In this study, we performed a functional and molecular characterization of human gastric CSCs, and demonstrated the cancer stemness inhibition by 4-BR by using different functional approaches and stem-cell-related markers characterization, including stem cell surface markers, CD24 and LGR5; and stemness-related transcription factors, SOX2, NANOG, Oct-4, and detoxifying enzyme, ALDH1. Our results provided evidence that 4-BR not only inhibited gastric CSC stemness markers through SIRT3-JNK-mediated pathway but also enhanced chemosensitivity to 5-FU.

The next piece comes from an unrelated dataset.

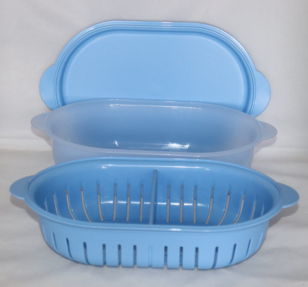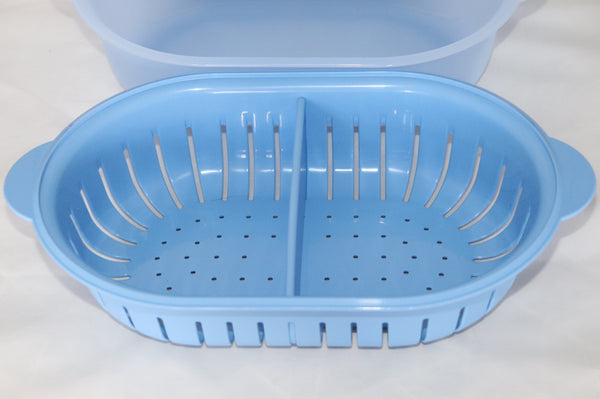 The product consists of - an oval container with two rounded handles, - an oval sieve that fits into the container, the sieve also has two rounded grips for handling, and includes a movable dividing partition, - a lid that can be used as a tray or as a separate serving dish.
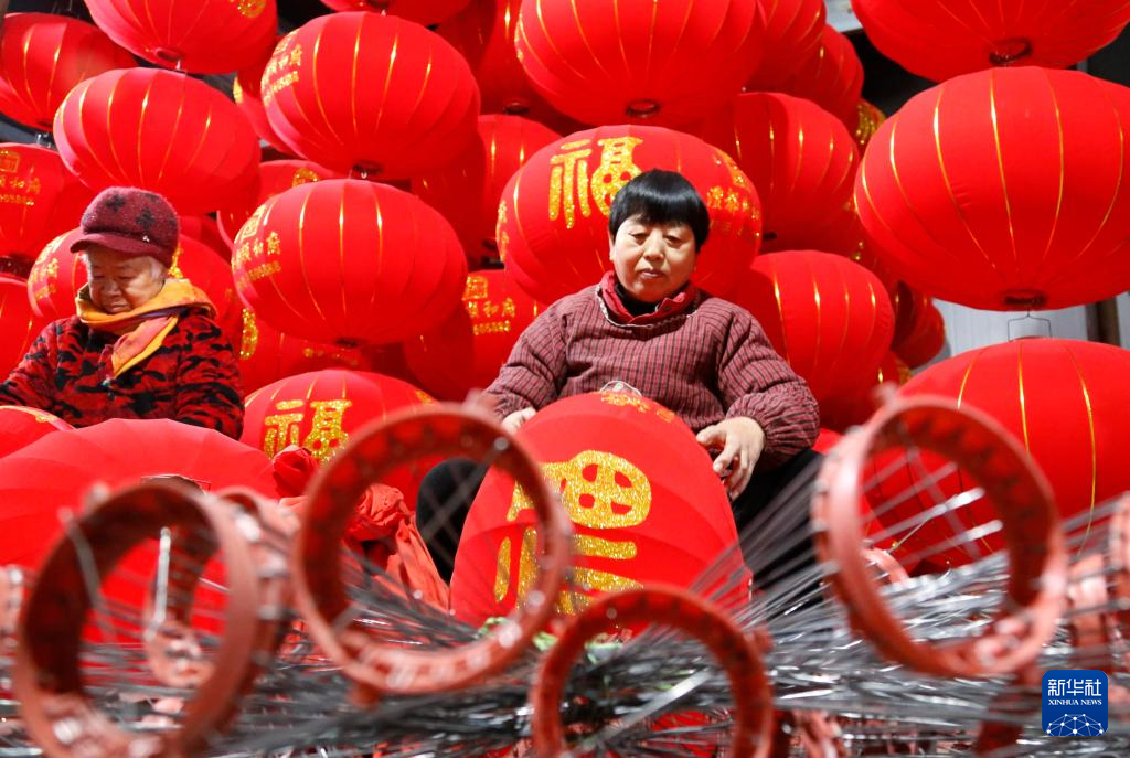 新年临近,河北省邢台市南和区的灯笼作坊加紧制做红灯笼,供应节日市场。

There is an increasing awareness of the importance of natural products for human health. Dietary phytochemicals are the candidates for anticancer research, and represent an important strategy to target CSCs. Natural products are a source of bioactive compounds. The 4-BR analog, resveratrol, which is primarily found in red grape, was also reported to enhance the chemotherapeutic response and reverse the cancer stemness in several cancer types [52,53]. Unlike 4-BR modulating SIRT3, resveratrol stimulates SIRT1 activity and expression to inhibit cancer stemness [54]. The different cancer stemness inhibition mechanisms of these natural compounds may be introduced into potential strategies in personal precision medicine in cancer therapy.

5. Conclusions

We demonstrated the ability of 4-BR to reduce cancer stemness and chemoresistance in gastric cancer cells. 4-BR may utilize the SIRT3-JNK-mediated pathway to downregulate gastric cancer stemness and increase chemosensitivity. 4-BR is a promising candidate for use in clinical chemotherapy.